Upgraded to gcc 7 and compiled with -fsanitize=thread -fPIE -pie -g -> no problems
after running parseIt the tool hanged and couldn't be terminated (except with a kill -s 9)
Clean compile and run parseIt with -t64, -t1, -t4, -t2, -t24 for different datasets
-t2 is faster than -t1; the rest are slower.
Ran valgrind with helgrind.
For t2:
==23834== ERROR SUMMARY: 51313 errors from 23 contexts (suppressed: 919 from 32)
For single thread
==23867== ERROR SUMMARY: 0 errors from 0 contexts (suppressed: 1 from 1)

Cheers,
Dimitar.

dmcc · 2017-05-26T14:57:58Z

Thanks for the update -- please keep them coming! Yeah, that sounds (vaguely) familiar. I think I ran helgrind and it found issues, but I forget how much deeper I dug than that.

KantanLabs · 2017-05-26T15:28:42Z

OK, So, two things.

First, in the parseIt/mainLoop there is a print loop:

	while(!printStack.empty())
	{
		sleep(SLEEPTIME);
		workOnPrintStack(&printStack);
	}

which is outside of the reading/parsing loop. This loop and the sleep delay the printing process, even if the parse is finished. To be honest, I don't get why is this loop there since there is a print workOnPrintStack(&printStack); call inside the main loop (see line 289 in parseIt.C).

Second, helgrind detects a racing condition somewhere in MeChart::bestParse. It complains about complains about functions from fnSubFns,C which make access to the FullHist*. I assume that the issue arrises there - reading and writing something to FullHist in an uncontrolled way.

I haven't looked more in details today. If I have time next week I will dig more into it.

Cheers,
Dimitar.

KantanLabs · 2017-06-13T11:51:06Z

Hi David,

I did some look around and to be honest didn't figure out what exactly causes helgrade to complain. I modified some things in the parse method.

First, switched the global sentence count from int to unsigned long long int. If I am not wrong, for more than 32,767 sentences there would be errors.

Second, the printing function I took out of the main loop - this way they should work on parallel (added one more semaphore). If you want, I will send the code for review.

But I wanted to ask - how do I set the option for multithreading (the -t option) with the python wrapper?

Thanks,
Dimitar.

dmcc · 2017-06-18T02:27:44Z

switched the global sentence count from int to unsigned long long int

Yup, this makes sense. Please feel free to submit this as a separate patch.

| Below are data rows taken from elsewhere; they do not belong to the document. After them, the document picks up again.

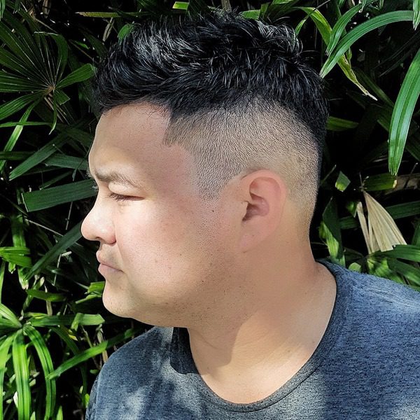 Her er en stil for menn som har tykkere hår. Denne stilen kalles en tykk svart faux hauk med en kort og enkel falming rundt ørene. Tykke hår kan være vanskelig å finne riktig hårklipp for, og på grunn av det har denne stilen noen få forskjellige lag med lag som tilfører tekstur i håret.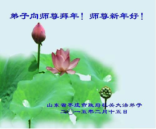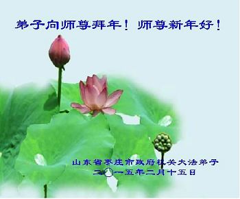 大法弟子被迫害的十几年来,弟子时刻在想念你,无论修炼的路多么坎坷,我们都会以往无前,紧随师尊走好正法的每一步,做好三件事,以完成好我们史前的大愿,再一次叩拜师父过年好,万事如意。 2015年2月10日 山东省政府机关退休大法弟子向师父问好!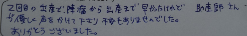2回目の出産で、陣痛から出産まで早かったけれど助産師さん<br />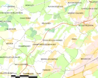 - ↑ « Distance entre Pouilley-les-Vignes et Besançon », sur fr.distance.to (consulté le ).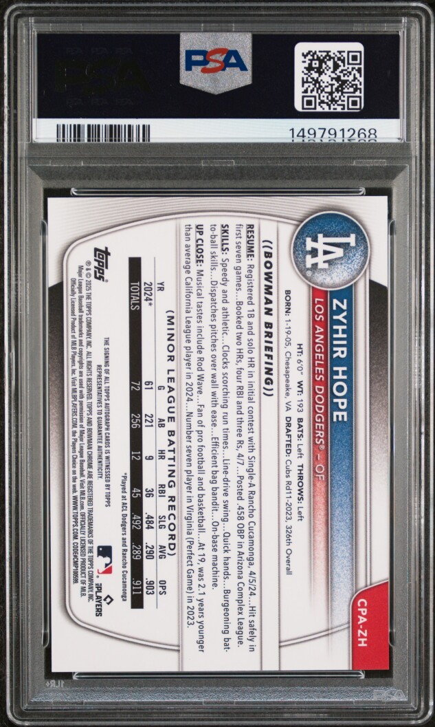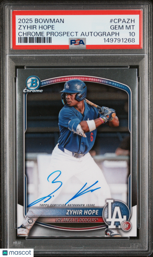 You are purchasing a 2025 Bowman Chrome Prospect Autographs Zyhir Hope #CPAZH PSA 10. You will receive the exact item in the photographs. Thank you for looking.

how do I set the option for multithreading (the -t option) with the

python wrapper There used to be an option to pass a thread ID to the first-stage parser in the Python wrapper, but I removed it ( 1858d75) since it didn't seem like threads were going to get fixed. The main pieces were "ThreadManager" which let you sign out a ThreadSlot (thread ID) for exclusive use and a way to pass ThreadSlots to parse ( 1858d75#diff-491cfc4441b3f94d768196cd1252263cL201 ). From your previous message:

Second, helgrind detects a racing condition somewhere in

MeChart::bestParse. It complains about complains about functions from fnSubFns,C which make access to the FullHist*. I assume that the issue arrises there - reading and writing something to FullHist in an uncontrolled way. This could definitely be an issue and explain why parsing was non-deterministic with multiple threads -- would be interested to hear if you were able to dig any deeper. Hope this helps!

…

On Tue, Jun 13, 2017 at 7:51 AM, KantanLabs ***@***.***> wrote: Hi David, I did some look around and to be honest didn't figure out what exactly causes helgrade to complain. I modified some things in the parse method. First, switched the global sentence count from int to unsigned long long int. If I am not wrong, for more than 32,767 sentences there would be errors. Second, the printing function I took out of the main loop - this way they should work on parallel (added one more semaphore). If you want, I will send the code for review. But I wanted to ask - how do I set the option for multithreading (the -t option) with the python wrapper? Thanks, Dimitar. — You are receiving this because you commented. Reply to this email directly, view it on GitHub <#16 (comment)>, or mute the thread <https://github.com/notifications/unsubscribe-auth/AAm5ZXatlUQ_XLMZ7b_3s3TExK_N329bks5sDnergaJpZM4BOS-a> .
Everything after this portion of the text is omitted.